Keywords: high-throughput sequencing, noncoding RNA, snoRNA, RNA detection, thermostable group II intron reverse transcriptase, transcriptome analysis
INTRODUCTION
The study of gene expression is a rapidly growing area of genomic research (Ozsolak and Milos 2011; Jiang et al. 2015). The amount of RNA sequencing is expected to surge as the need for understanding gene function and the identification of new biomarkers increases (Rabbani et al. 2016). However, despite the increase in RNA sequencing in the last five years, established methods for the detection of midsize sncRNAs remain elusive (Veneziano et al. 2016). Indeed, RNA ranging in size between 50 and 300 nucleotides (nt) was termed the “black hole” of RNA biology due to the lack of sequencing information (Steitz 2015). Most standard sequencing methods are focused on the detection of polyadenylated messenger RNAs with sizes typically larger than 1 kb (Costa et al. 2010; Liang and Zeng 2016). As such, these methods are not useful for the detection of nonpolyadenylated transcripts, many of which are shorter than 500 nt (e.g., small nuclear RNA [snRNA], small nucleolar RNA [snoRNA], transfer RNA [tRNA], and many long noncoding RNA [lncRNA]) (Veneziano et al. 2016). In addition, selection of polyadenylated RNA prevents the detection of RNA processing and maturation intermediates. Current approaches for the sequencing of sncRNAs depend on selection techniques that enrich RNAs based on their size or localization in the cell (Deschamps-Francoeur et al. 2014; Bai and Laiho 2016). Recent studies suggest that most of these techniques introduce bias in the relative representation of noncoding RNAs even for those with similar sizes (Deschamps-Francoeur et al. 2014; Nottingham et al. 2016).

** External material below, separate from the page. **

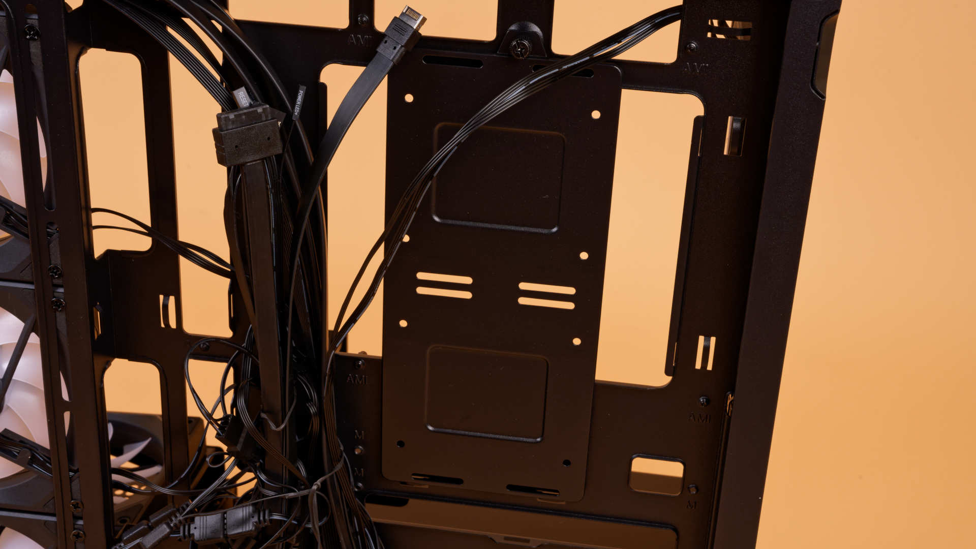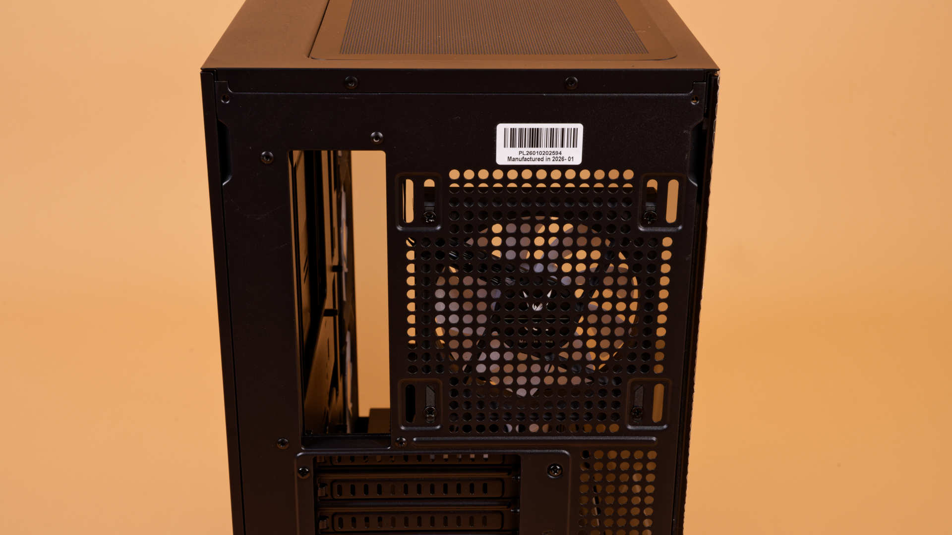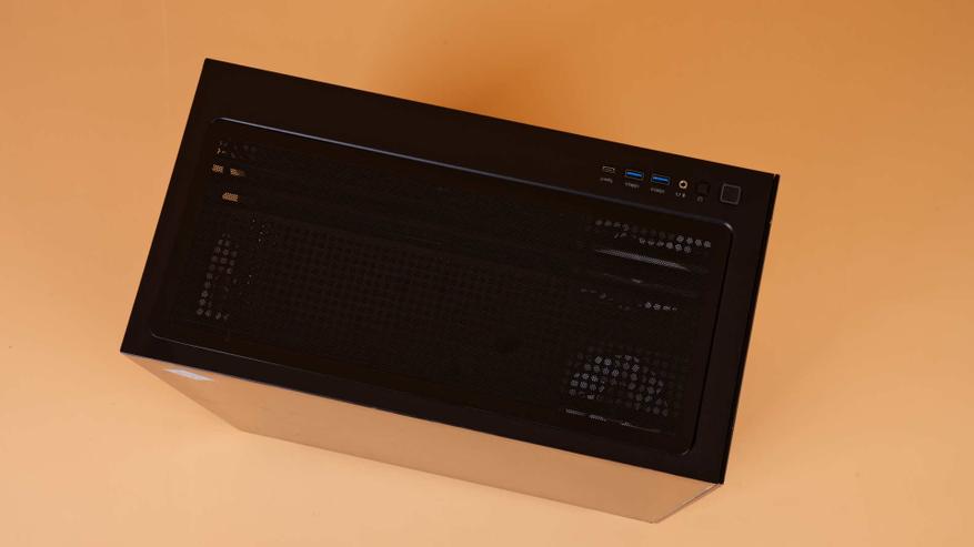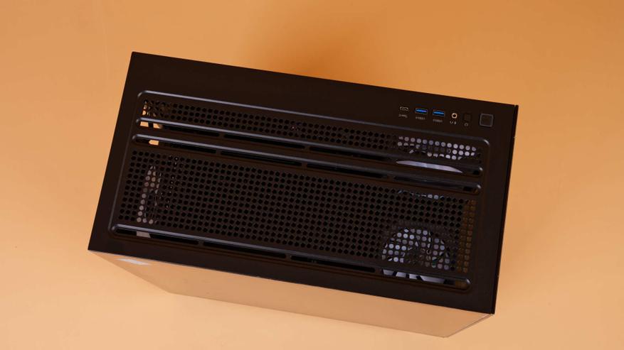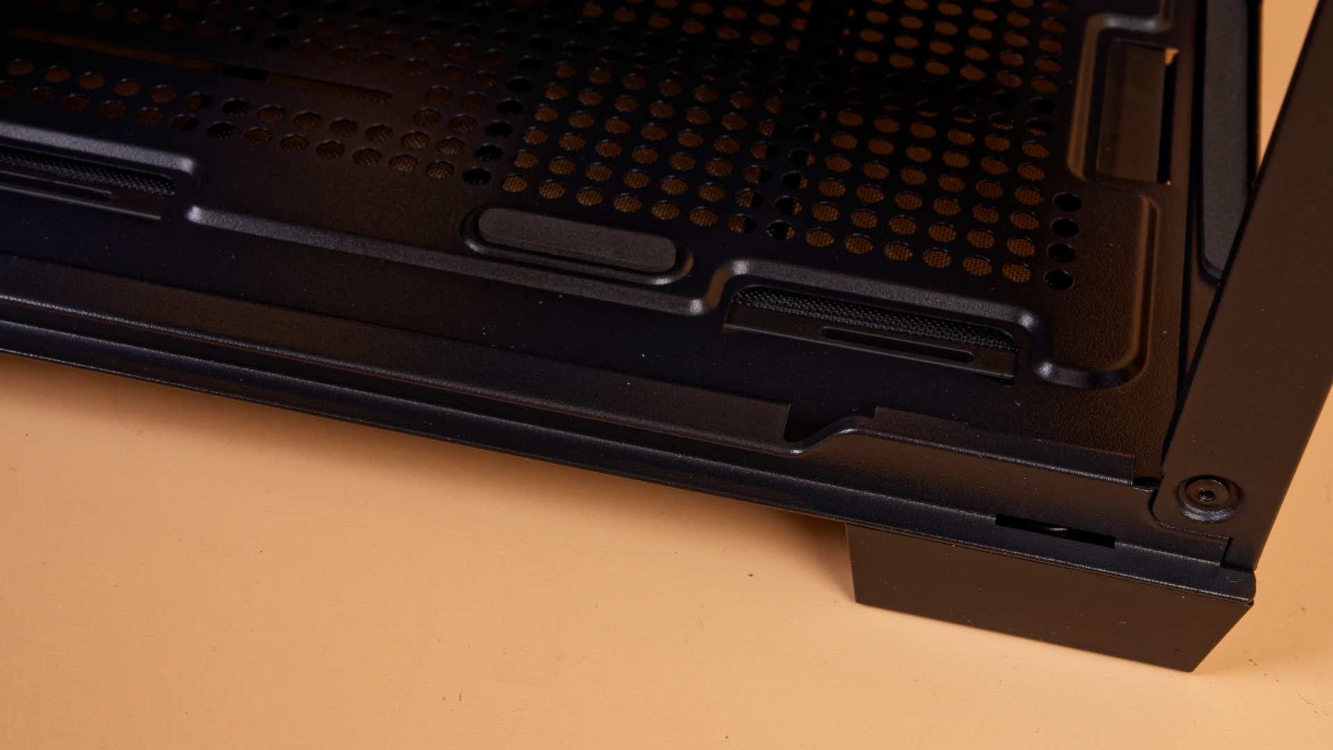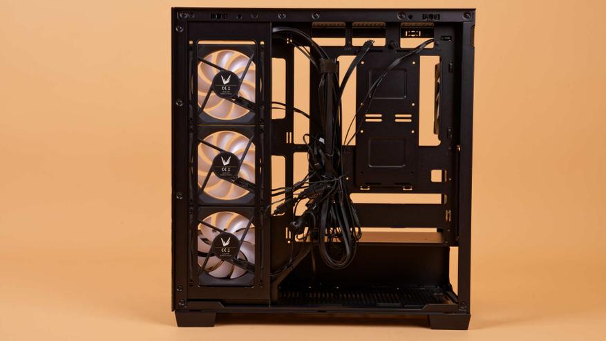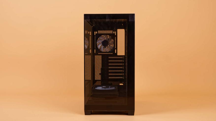 Левая боковая панель, выполненная из того же закалённого стекла, повторяет эстетику передней. Её также обрамляет скрывающий металлические планки чёрный кант. Чтобы снять панель, нужно потянуть её на себя с тыльной стороны корпуса — для этого предусмотрено небольшое углубление, за которое удобно зацепиться пальцем.

Classical estimates of RNA abundance are usually generated by using targeted in vivo labeling experiments, as in the case of rRNA, tRNA, snRNA, and snoRNA, or by using microarrays as in the case of mRNA and miRNA (Waldron and Lacroute 1975; Wolf and Schlessinger 1977; Bissels et al. 2009). These class-specific estimates of RNA abundance indicate that ∼90% of the human transcriptome by mass is composed of rRNA, while the highest number of molecules per cell (MPC) is attributed to tRNA (Waldron and Lacroute 1975; Wolf and Schlessinger 1977). Other methods such as reverse transcription quantitative PCR (RT-qPCR) (Ginzinger 2002; Shakeel et al. 2017), digital PCR (dPCR) (Whale et al. 2012; Hayden et al. 2013; Witwer et al. 2013; Morley 2014; Sager et al. 2015), and in situ hybridization (e.g., FISH) (Vera et al. 2016) are also being used for RNA quantification, but their use remains limited to a relatively low number of RNAs and they are rarely utilized for comparisons between different classes of RNA. More recently, transcriptome sequencing has become the most frequently used method for large scale profiling of the transcriptome (Casamassimi et al. 2017). However, these techniques are efficient in comparing the relative levels of transcript abundance within the same class of RNA but they cannot directly compare between different classes of RNA (e.g., between coding and sncRNA). Therefore, while the number of different RNA classes might be established, measurements of their true relative abundance remain to be verified.
Recently, a new sequencing method using a thermostable group II intron reverse transcriptase (TGIRT) was developed, which exploits the ability of this highly processive enzyme to reverse transcribe full-length, highly structured noncoding RNAs (Nottingham et al. 2016; Qin et al. 2016). This method of sequencing (TGIRT-seq) does not require ligation of adapters to the RNA but instead uses the proficient template switching activity of TGIRT to couple adapter addition to the 3′ terminal nucleotide of an RNA template. This method avoids sequence and structure biases in RNA ligation, as well as interference from the 5′ cap structure of mRNAs (Nottingham et al. 2016). Sequencing of human reference RNA samples with external RNA controls consortium (ERCC) spike-in control RNAs showed that TGIRT-seq has less bias than the widely used TruSeq method and enables sequencing of tRNAs and other sncRNAs together with mRNAs and lncRNAs (Nottingham et al. 2016; Qin et al. 2016). As such, the method provides a potentially useful tool for direct comparison of the abundance of different classes of RNA (Zheng et al. 2015; Nottingham et al. 2016).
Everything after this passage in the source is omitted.